Before the Spice Girls gatecrashed the Britpop party, conforming to gender stereotypes for pre-teens in the Nineties who hadn’t heard of Riot grrrl or ladette culture meant being a ‘good girl’, which translated as being polite, nurturing, caring and pretty. The Spice Girls resisted feminine stereotypes. They were the older sisters who showed you how to be brave and bold, how to construct your own identity, how you could say what you wanted and wear what you wanted and that was more than fine. You could be girly, if you wanted to, and wear short skirts and bunches. Or you could be a tomboy and eschew heels. The lyrics were active rather than passive: taking, grabbing, laying it down – all the things little girls were taught never to do. “Stop right now, thank you very much”. “Who do you think you are?” “I’ll tell you what I want, what I really, really want”.
In interviews, they expounded their concept of Girl Power with a passion and intelligence often perceived as brash, gobby or “outspoken” – the revealing words we use to describe women who talk with confidence. “When you go and see a careers officer,” said Mel C in 1997, “and you sit down and say, ‘I want to be a spaceman’, instead of responding ‘Go study astrophysics’, they go, ‘Yeah, but what do you really want to do?’ That is so wrong. I think there should be a class in – what do you call it? – self-motivation. Self-motivation classes, self-esteem classes.”
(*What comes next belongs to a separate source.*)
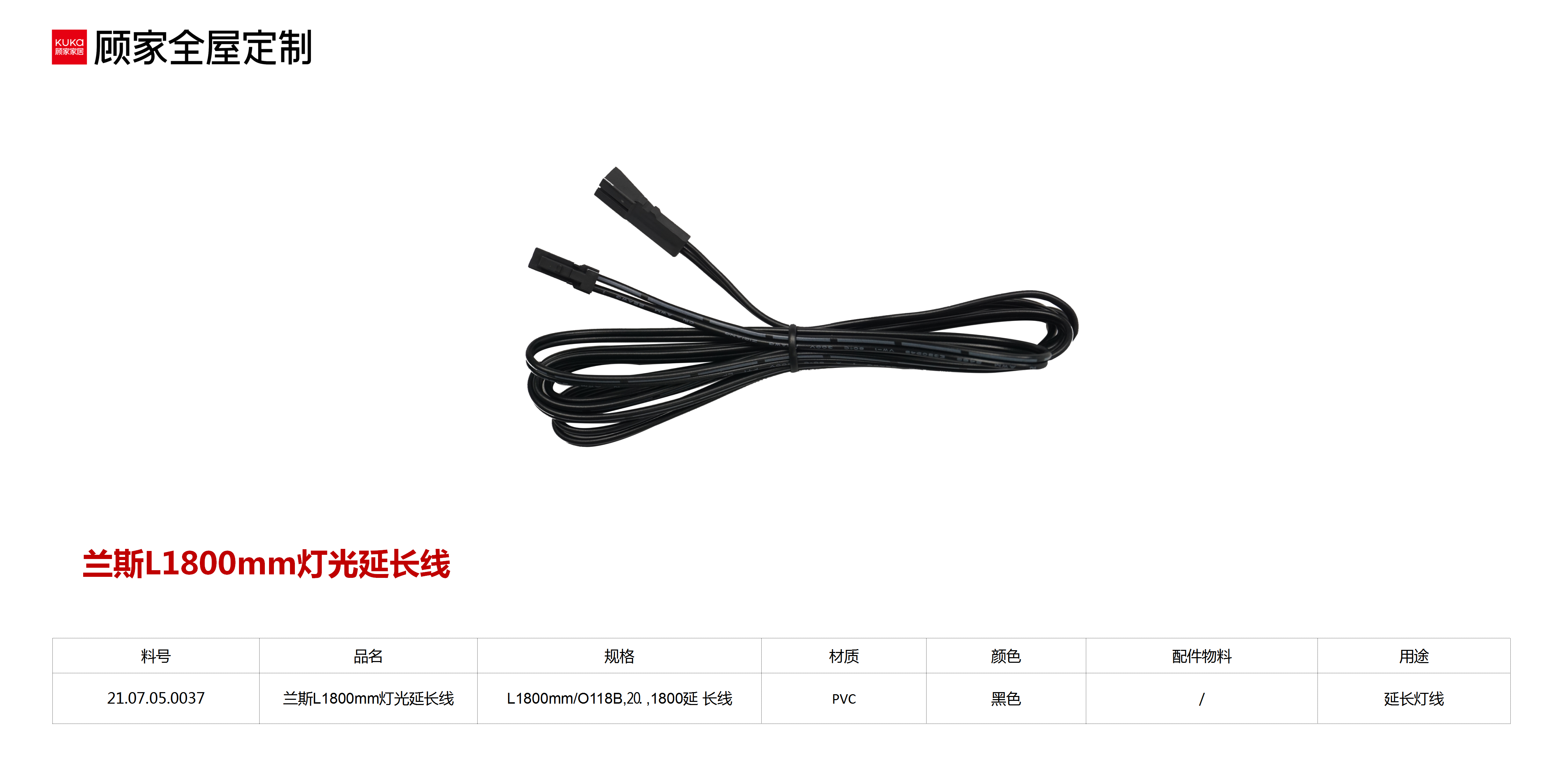 1-衣柜照明五金-2灯具配件-1-兰斯L1800mm延灯光长线

Compared with the male-led Britpop of Oasis, Blur, Pulp and Suede, the Spice Girls felt truly radical. For myself, and I’m sure many others, the idea was planted for the first time that, even though we were girls, we didn’t have to be supporting characters.
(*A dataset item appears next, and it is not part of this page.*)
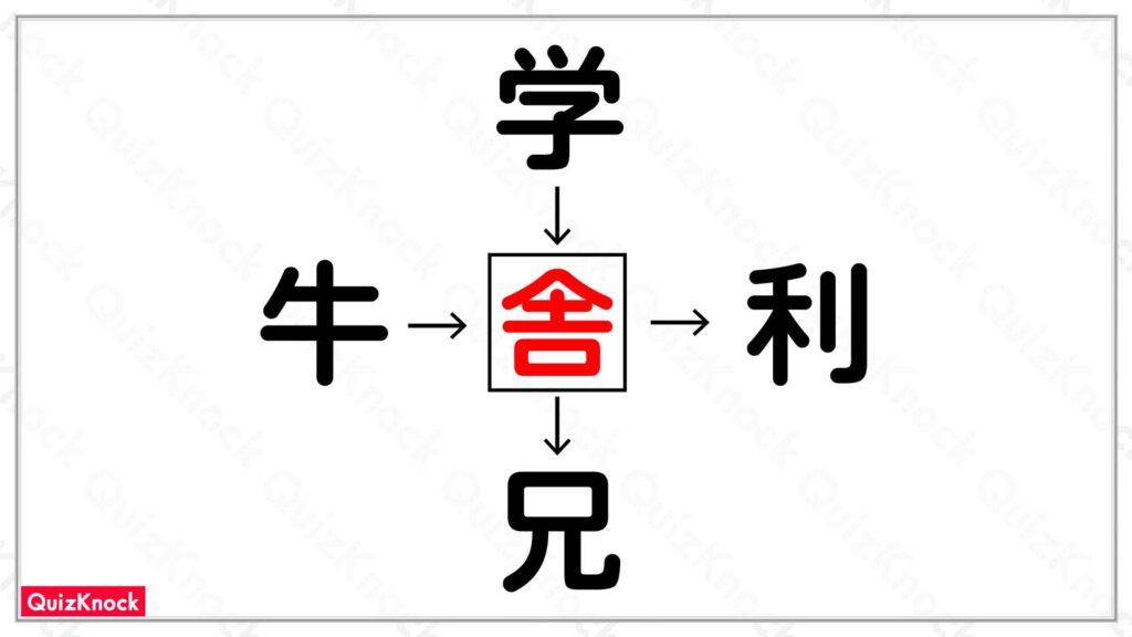 答えは「舎」です。「学舎」「牛舎」「舎兄」「舎利」の4つの熟語ができます。

Millions of people who bought the records 20 years ago are now in their late 20s and early 30s. What does Girl Power mean to us now? Do phenomena last after the fact? Does the message still have any power? While I won’t be desperately queueing for tickets, watching the videos and remembering the feeling of hearing and seeing the Spice Girls for first time has a power in itself, for me. It reminds me of a time I felt I could be what I wanted to be, with, in some strange way, “Say You’ll Be There” giving me permission to speak up and occupy a space. Two decades on, I could still do with remembering that sometimes.
In 1997, Acker ended her Spice Girls profile thus: “It is up to feminism to grow, to take on what the Spice Girls, and women like them, are saying, and to do what feminism has always done in England, to keep on transforming society as society is best transformed, with lightness and in joy.”
It is transforming, but it is happening too slowly. At a time when girls as young as seven believe their appearance is more important than character, or that brilliance is a male trait, an injection of Girl Power is more necessary than ever.